▸ ENTRIES SHOWN:
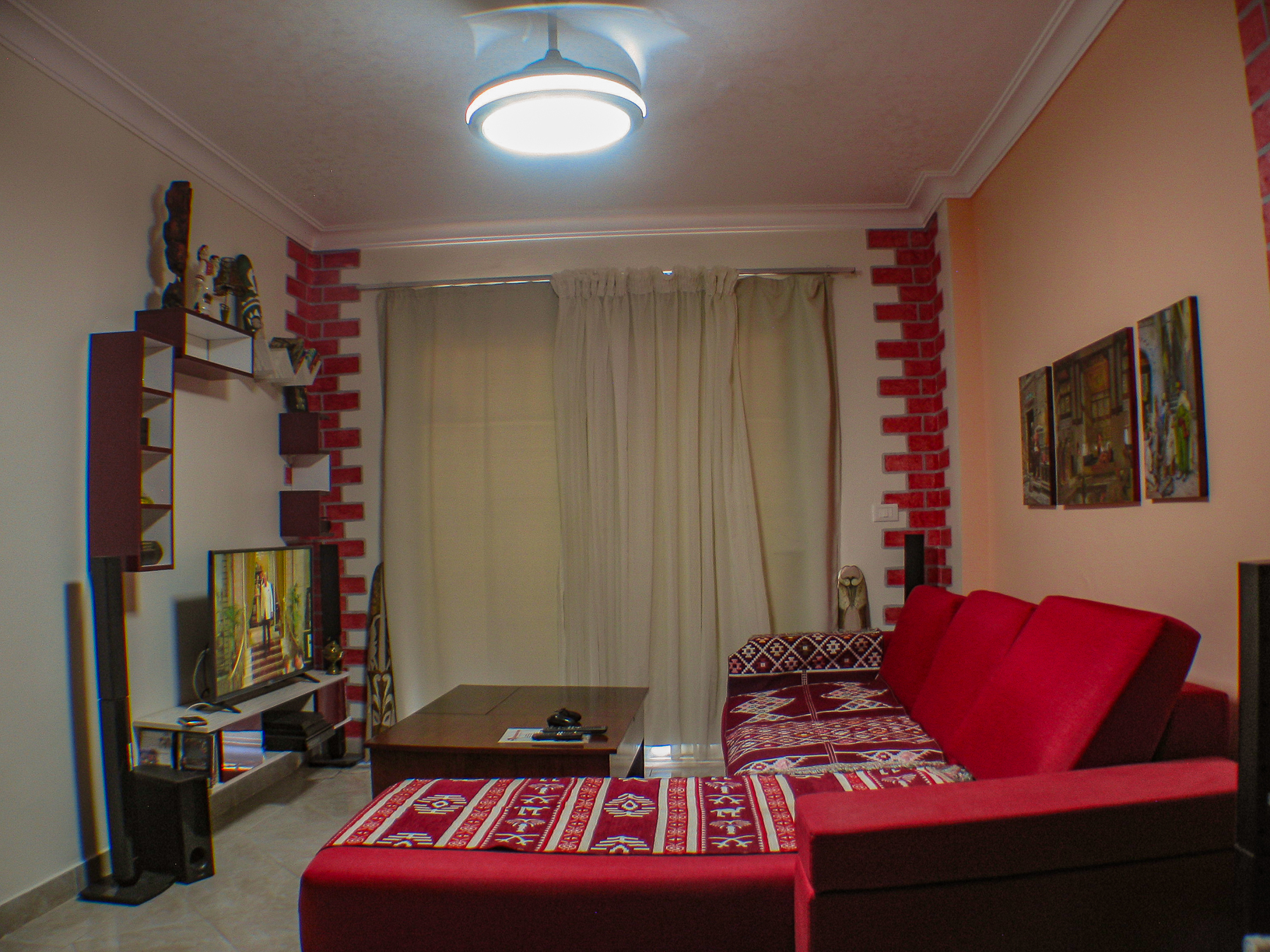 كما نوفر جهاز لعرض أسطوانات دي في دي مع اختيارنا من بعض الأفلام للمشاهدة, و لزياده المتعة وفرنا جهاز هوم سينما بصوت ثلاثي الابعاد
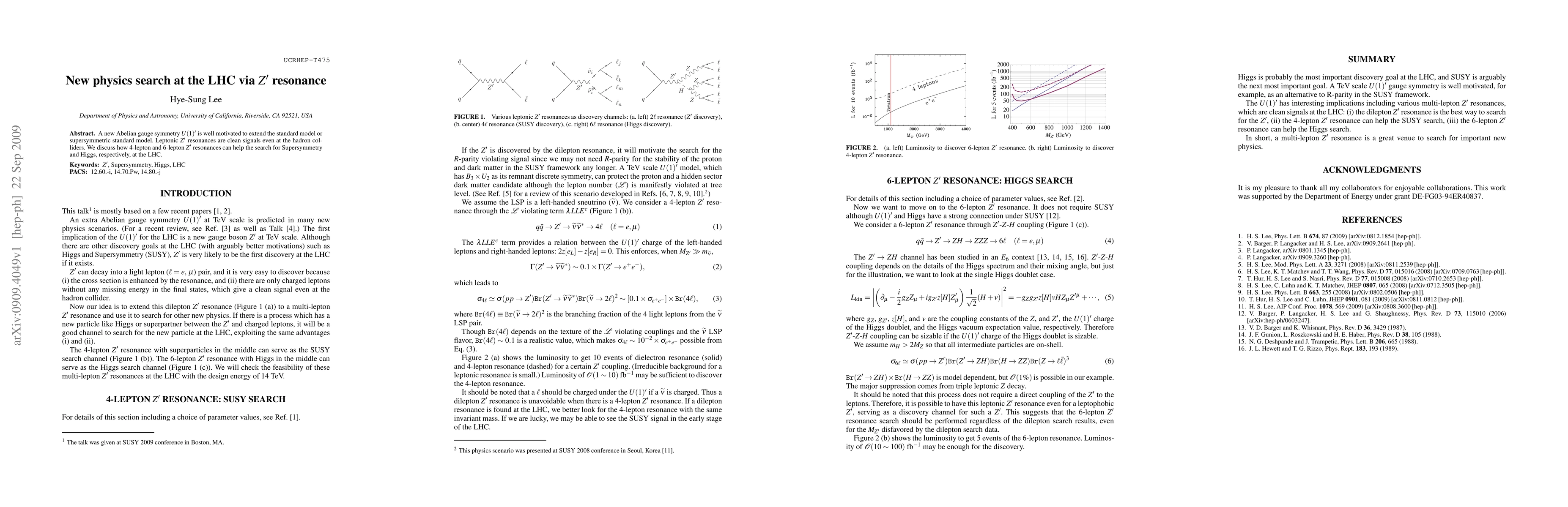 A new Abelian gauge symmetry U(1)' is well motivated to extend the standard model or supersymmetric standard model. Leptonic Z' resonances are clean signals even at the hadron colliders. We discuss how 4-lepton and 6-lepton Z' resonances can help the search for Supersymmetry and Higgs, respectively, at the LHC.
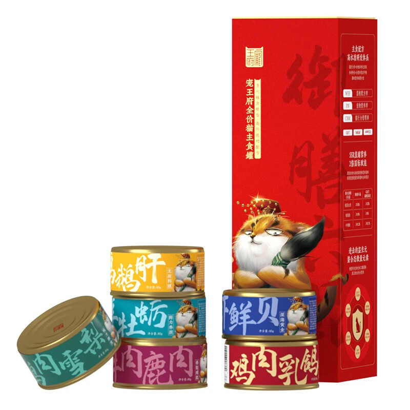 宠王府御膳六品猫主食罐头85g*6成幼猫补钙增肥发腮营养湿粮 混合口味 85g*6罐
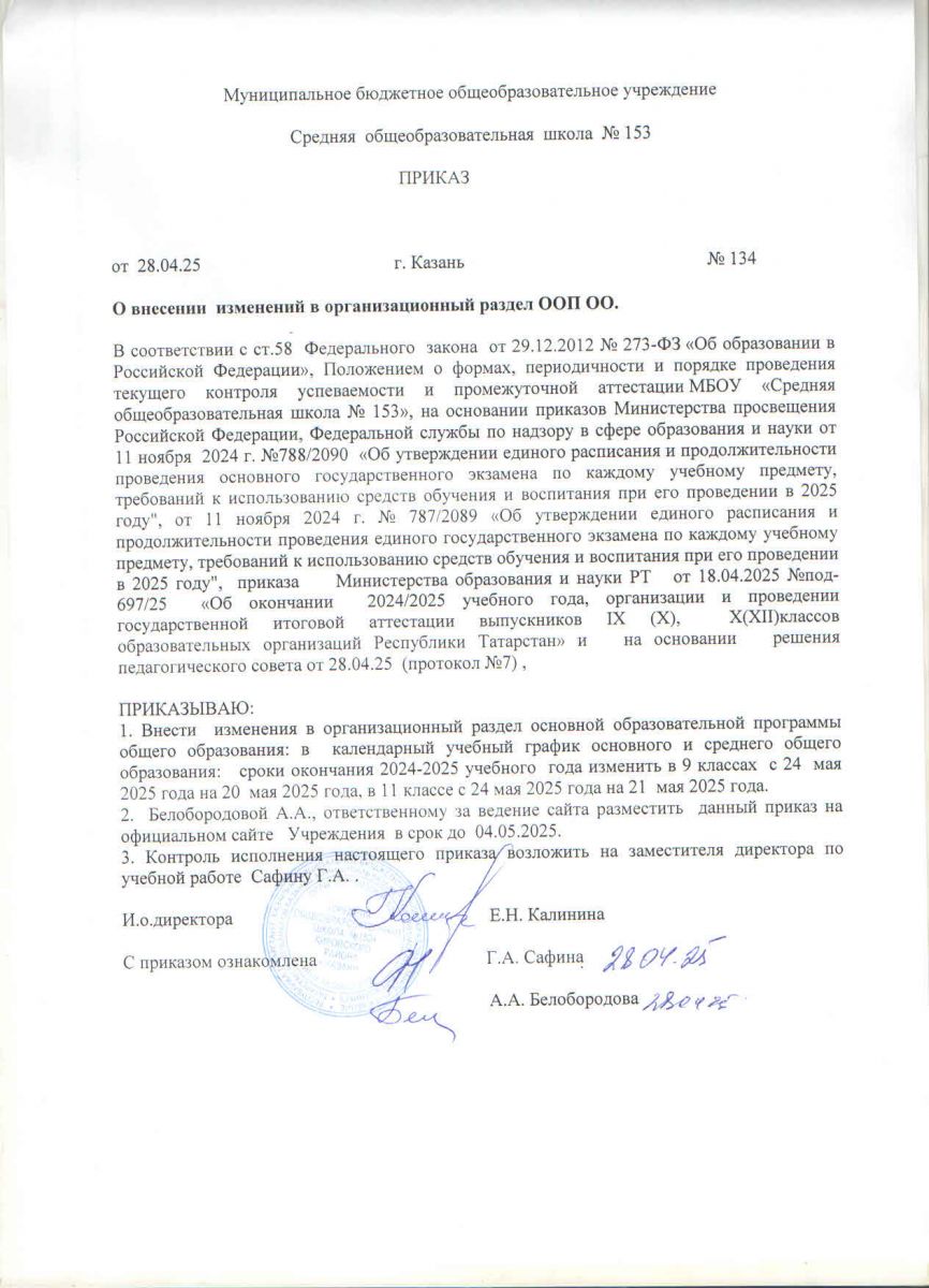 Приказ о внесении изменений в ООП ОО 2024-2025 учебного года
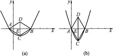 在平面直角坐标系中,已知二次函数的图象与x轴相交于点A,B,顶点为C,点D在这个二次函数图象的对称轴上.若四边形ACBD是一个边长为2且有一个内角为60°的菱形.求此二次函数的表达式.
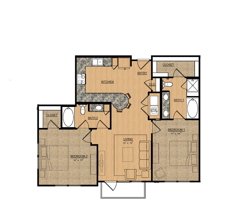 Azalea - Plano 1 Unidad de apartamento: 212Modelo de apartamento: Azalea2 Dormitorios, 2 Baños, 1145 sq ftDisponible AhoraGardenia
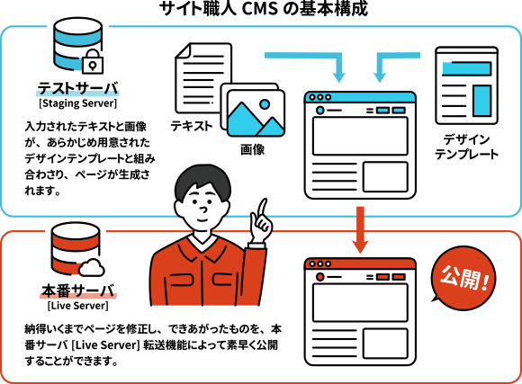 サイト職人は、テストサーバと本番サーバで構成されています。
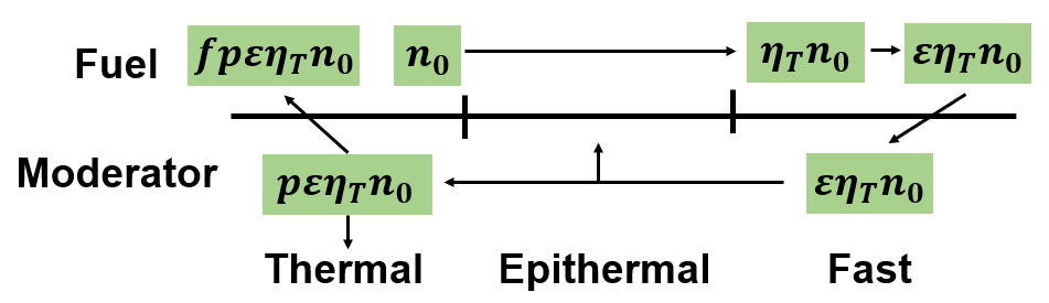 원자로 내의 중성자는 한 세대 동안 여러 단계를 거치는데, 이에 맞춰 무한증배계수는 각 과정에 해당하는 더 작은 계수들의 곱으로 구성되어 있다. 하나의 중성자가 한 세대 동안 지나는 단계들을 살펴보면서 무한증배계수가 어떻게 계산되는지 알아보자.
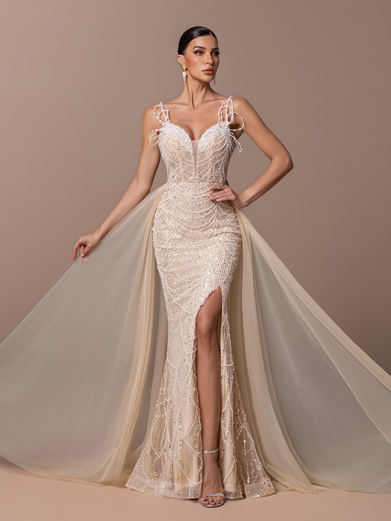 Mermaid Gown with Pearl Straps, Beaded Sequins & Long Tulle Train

▸ WORK REQUIRED: Please retype, exactly as they appear, the lines from the one with "在平面直角坐标系中,已知二次" through the final line of the material, both included, and drop any pictures.

▸ EXERCISE ANSWER:
 在平面直角坐标系中,已知二次函数的图象与x轴相交于点A,B,顶点为C,点D在这个二次函数图象的对称轴上.若四边形ACBD是一个边长为2且有一个内角为60°的菱形.求此二次函数的表达式.
 Azalea - Plano 1 Unidad de apartamento: 212Modelo de apartamento: Azalea2 Dormitorios, 2 Baños, 1145 sq ftDisponible AhoraGardenia
 サイト職人は、テストサーバと本番サーバで構成されています。
 원자로 내의 중성자는 한 세대 동안 여러 단계를 거치는데, 이에 맞춰 무한증배계수는 각 과정에 해당하는 더 작은 계수들의 곱으로 구성되어 있다. 하나의 중성자가 한 세대 동안 지나는 단계들을 살펴보면서 무한증배계수가 어떻게 계산되는지 알아보자.
 Mermaid Gown with Pearl Straps, Beaded Sequins & Long Tulle Train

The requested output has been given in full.